Зацвилиховский схватился за голову.
– Боже, что вы говорите? Не может быть!
– Может, раз было. Он назвался полковником князя Заславского, сказал, что послан в Кудак к пану Гродзицкому от великого гетмана, но я этому не поверил, так как он ехал не водой, а крался через степь.
– Это человек хитрый, как Улисс! Где же вы его встретили?
– Над Омельничком, по правой стороне Днепра.
– Должно быть, ехал в Сечь.
– Он хотел обойти Кудак. Теперь понимаю.
– С ним было много людей?
– Около сорока человек. Но они приехали слишком поздно. Если бы не мои люди, слуги старосты задушили бы его.
– Он так говорил.
– Откуда же староста мог знать, где его искать, если здесь, в городе, все теряют головы, не зная, куда он пропал?
– Этого я тоже не знаю. Может быть, Хмельницкий солгал, выдав обыкновенных разбойников за слуг старосты, чтобы тем сильнее подтвердить свою обиду.
– Не может этого быть. Вот странно! А вы знаете, что есть гетманский приказ поймать Хмельницкого и in fundo[6] задержать.
Наместник не успел ответить, так как в это время в комнату со страшным шумом вошел какой-то шляхтич, хлопнул дверью раз, другой и, гордо взглянув на сидевших, крикнул:
– Бью челом вашим милостям!
Это был человек лет сорока, маленького роста, с вызывающим лицом, выражение которого еще сильнее подчеркивалось живыми глазами навыкате. Очевидно, очень живой, вспыльчивый, раздражительный человек.
– Бью челом вашим милостям! – повторил он громко и резко, когда ему не ответили сразу.
– Челом, челом! – отозвалось несколько голосов.
Это был пан Чаплинский, Чигиринский подстароста, поверенный молодого хорунжего Конецпольского.
В Чигирине его не любили за то, что он был задира, ябедник, однако с ним все же считались.
Он, как и все, уважал только одного Зацвилиховского за его храбрость, заслуги и мужество. Завидев его, он тотчас подошел и, поклонившись довольно гордо Скшетускому, присел к ним со своей кружкой меда.
– Мосци-староста, – спросил Зацвилиховский, – не знаете ли, что с Хмельницким?
– Повешен, мосци-хорунжий, не будь я Чаплинский, повешен, а если еще не висит, то будет висеть теперь, после издания гетманского приказа, пусть он только попадется в мои руки!
Говоря это, он так ударил кулаком по столу, что вино расплескалось.

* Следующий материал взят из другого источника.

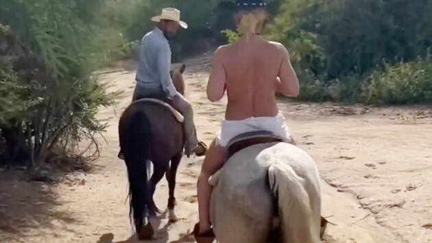 На видео 41-летняя Бритни Спирс запечатлена топлес верхом на лошади. На певице были надеты короткие белые шорты и ковбойская шляпа.
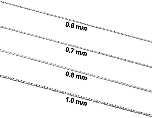 Kooljewerry 14k White Gold Box Chain Women's Pendant Necklace (0.6mm, 0.7mm, 0.8mm or 1mm/Length from 13 to 30 inches), White Gold, No Gems

– Не проливайте, ваць-пане, вина! – сказал пан Скшетуский.
Зацвилиховский прервал:
– А как вы его достанете? Ведь он скрылся неизвестно куда.
– Неизвестно? Я знаю, не будь я Чаплинский!

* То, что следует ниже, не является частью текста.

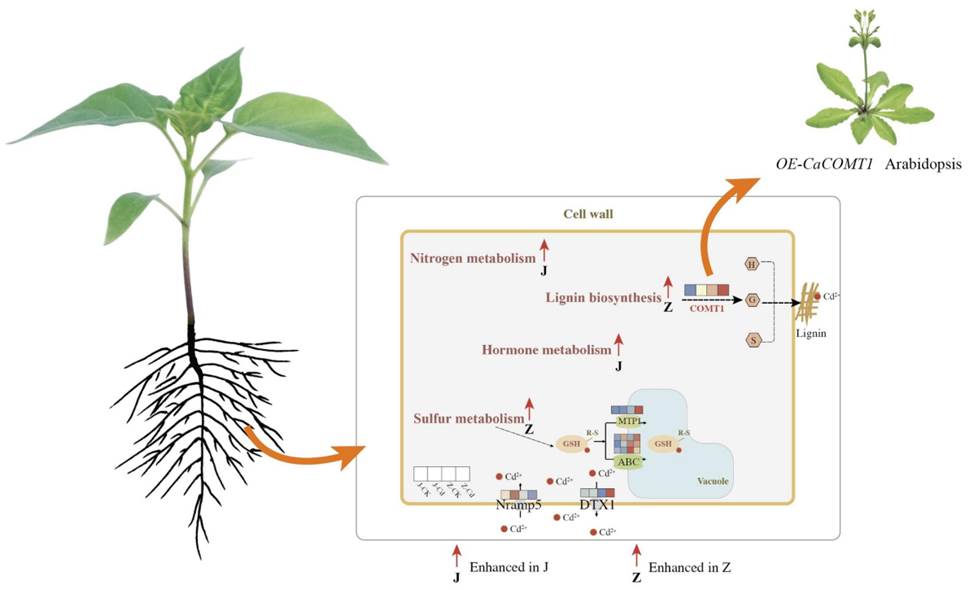 辣椒品种间镉积累差异的分子机制尚不清楚。本研究对高镉(J)和低镉品种(Z)在镉浓度分别为00.4 mg/L的条件下进行了根系转录组比较分析。结果表明,高镉品种通过提高Nramp5的表达来促进根对镉的吸收,并通过增加NIR1GLN1IAA9等基因的表达来消除镉毒性。低镉品种通过增强细胞壁木质素合成基因PALCOMT4CLLACPOD以及镉转运蛋白ABCMTP1DTX1来减少镉积累。在拟南芥中,硫代谢相关基因的表达升高,可能有助于其解毒镉的能力。为了调查CaCOMT1的功能,我们构建了一个拟南芥过表达系(OE-CaCOMT1)。结果表明, OE-CaCOMT1将木质素含量显著提高了3842%,镉向地上部分转运减少了32%。本研究通过转录组分析为辣椒镉积累机制提供了全面的了解。此外,本研究阐明了CaCOMT1的关键功能,为低镉蔬菜的安全生产提供理论依据(图1)。

– Вы, ваша милость пан хорунжий, знаете Хведко. Этот Хведко служит и ему, и мне. Он будет для Хмельницкого Иудой. Долго рассказывать. Хведко сговорился с молодцами Хмельницкого. Он ловкий человек. Знает каждый его шаг. Обещал достать мне его живым или мертвым и выехал впереди Хмельницкого, зная, где его ждать. А, проклятый?!
И он опять ударил по столу.
– Не проливайте, ваць-пане, вина! – повторил с ударением пан Скшетуский, почувствовавший к этому подстаросте странное отвращение с первого взгляда.

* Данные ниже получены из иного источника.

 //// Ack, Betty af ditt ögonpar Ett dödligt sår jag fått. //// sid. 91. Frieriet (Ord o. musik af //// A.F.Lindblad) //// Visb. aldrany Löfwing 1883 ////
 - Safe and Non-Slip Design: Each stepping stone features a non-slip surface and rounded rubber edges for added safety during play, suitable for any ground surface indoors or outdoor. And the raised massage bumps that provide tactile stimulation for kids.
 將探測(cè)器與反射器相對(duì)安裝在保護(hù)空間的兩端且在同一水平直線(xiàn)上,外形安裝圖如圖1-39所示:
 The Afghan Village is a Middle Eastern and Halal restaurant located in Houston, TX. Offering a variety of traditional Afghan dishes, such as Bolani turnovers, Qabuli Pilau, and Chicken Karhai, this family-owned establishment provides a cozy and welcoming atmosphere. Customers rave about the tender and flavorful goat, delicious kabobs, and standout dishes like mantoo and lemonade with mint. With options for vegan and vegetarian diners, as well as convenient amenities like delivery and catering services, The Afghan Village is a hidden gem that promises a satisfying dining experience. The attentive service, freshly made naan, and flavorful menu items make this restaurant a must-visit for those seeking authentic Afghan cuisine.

Шляхтич покраснел, сверкнул своими выпуклыми глазами, поняв, что его хотят задеть, и посмотрел вызывающе на Скшетуского. Но, увидев на нем мундир одного из полков Вишневецкого, он присмирел, потому что хорунжий Конецпольский был в это время в ссоре с князем, но Лубны были слишком близки от Чигирина и отнестись неуважительно к офицеру князя было бы рискованно. Князь и людей себе выбирал таких, что каждый невольно должен был призадуматься, прежде чем затеять с одним из них ссору.
– Так это Хведко обязался доставить вам Хмельницкого? – спросил пан Зацвилиховский.
– Хведко и доставит, не будь я Чаплинский!
– А я вам говорю, что не доставит: Хмельницкий избежал засады и пошел на Сечь, о чем сегодня же нужно уведомить пана Краковского. С Хмельницким шутки плохи. Короче говоря, у него и ума больше, и рука тяжелее, и счастья большее, чем у ваць-пана! Вы чересчур горячи! Хмельницкий уехал, повторяю я вам, а если вы мне не верите, так это вам повторит вот этот кавалер, который его видел вчера в степи невредимым.
– Не может быть, не может быть! – кричал Чаплинский, дергая себя за волосы.
– Скажу вам больше, – прибавил Зацвилиховский, – этот рыцарь сам спас его от смерти и перебил ваших слуг, что, впрочем, не будет поставлено ему в вину, несмотря на гетманские письма, так как он возвращается из Крыма, ничего не знал о приказе гетмана и, видя человека, на которого напали в степи разбойники, пришел к нему на помощь. О спасении Хмельницкого я, ваць-пане, и предуведомляю, ибо он со своими запорожцами может навестить вас в вашем имении, чему вы, конечно, не очень обрадуетесь. Довольно вы с ним грызлись!
Зацвилиховский также не любил Чаплинского.
Чаплинский вскочил с места, потеряв от злобы способность говорить. Его лицо совсем побагровело, глаза вылезли на лоб. Остановившись перед Скшетуским, он закричал прерывающимся голосом:
– Как?! Ваць-пан, противу гетманских приказов… Да я вас… я вас!.. Пан Скшетуский даже не встал со скамьи, опершись на локоть, он только смотрел на дрожавшего Чаплинского, как ястреб на связанного воробья.
– Что вы, ваць, пристали ко мне, как репей к песьему хвосту? – спросил он.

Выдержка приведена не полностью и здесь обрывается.